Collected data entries

▽

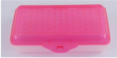
Pencil case, any color
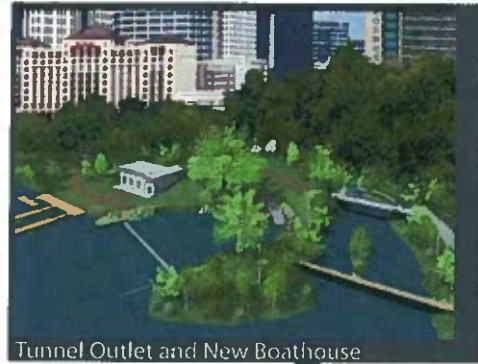
Tunnel Outlet and New Boathouse
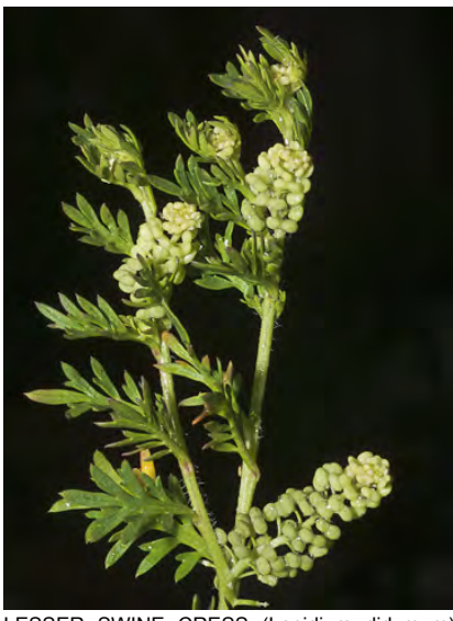
LESSER SWINE CRESS (Lepidium didymum) Naturalized Annual - Mustard Family - (Mar–Jul) -Common. Disturbed areas, fields, pastures -Stem 4-18" tall. Petals white, ~0.02" long. Fruit wrinkled, style < notch.
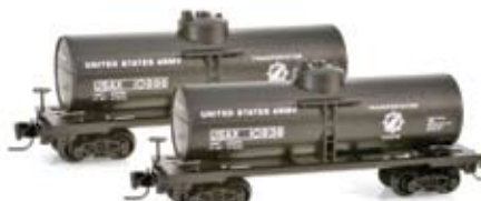
40' Tank Car US Army • Rd# 10936 / 10986 Item# 530 00 281...$20.20 • Item# 530 00 282...$20.20
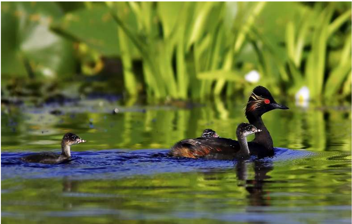
Black-necked Grebes in the Danube Delta
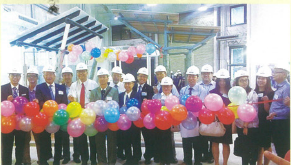
@PolyU IC's Donation Ceremony of Shelters designed & constructed by PolyU BRE students, and materials donated by Registered Minor Works Contractor Signatory Association and Contractor's Authorised Signatory Association
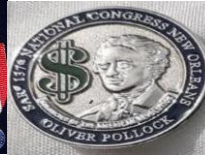
Oliver Pollock 137 th Congress Lapel Pin $25

Medal Sets/Pins will be sold at Leadership Conferences, NSSAR Congress's and online at the Southern District SAR Website https://alssar.org/southerndistrict
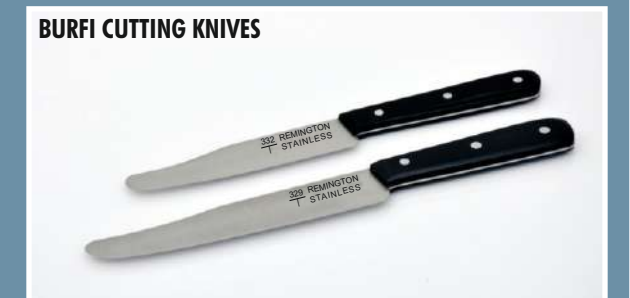
Code (Blade Size): 331 (7"/175mm), 330 (6"/150mm), 329 (5"/125mm) 332 (4"/100mm)
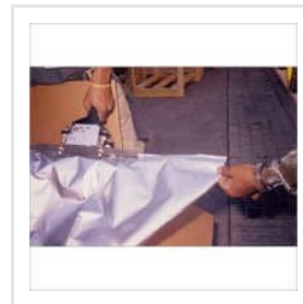
Vacuum Barrier Bags
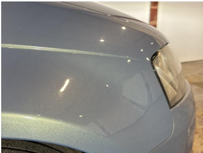
15: Wing osf Chipped 1 To 5
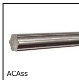
Stainless steel splined shaft, Stainless steel
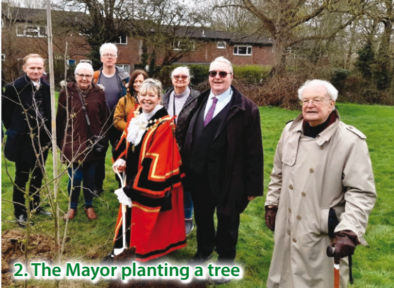
2. The Mayor planting a tree

△

WHAT TO DO ▸
Because the pictures are not wanted, retype every record exactly without them.

RESULT BELOW ▸
Pencil case, any color
Tunnel Outlet and New Boathouse
LESSER SWINE CRESS (Lepidium didymum) Naturalized Annual - Mustard Family - (Mar–Jul) -Common. Disturbed areas, fields, pastures -Stem 4-18" tall. Petals white, ~0.02" long. Fruit wrinkled, style < notch.
40' Tank Car US Army • Rd# 10936 / 10986 Item# 530 00 281...$20.20 • Item# 530 00 282...$20.20
Black-necked Grebes in the Danube Delta
@PolyU IC's Donation Ceremony of Shelters designed & constructed by PolyU BRE students, and materials donated by Registered Minor Works Contractor Signatory Association and Contractor's Authorised Signatory Association
Oliver Pollock 137 th Congress Lapel Pin $25

Medal Sets/Pins will be sold at Leadership Conferences, NSSAR Congress's and online at the Southern District SAR Website https://alssar.org/southerndistrict
Code (Blade Size): 331 (7"/175mm), 330 (6"/150mm), 329 (5"/125mm) 332 (4"/100mm)
Vacuum Barrier Bags
15: Wing osf Chipped 1 To 5
Stainless steel splined shaft, Stainless steel
2. The Mayor planting a tree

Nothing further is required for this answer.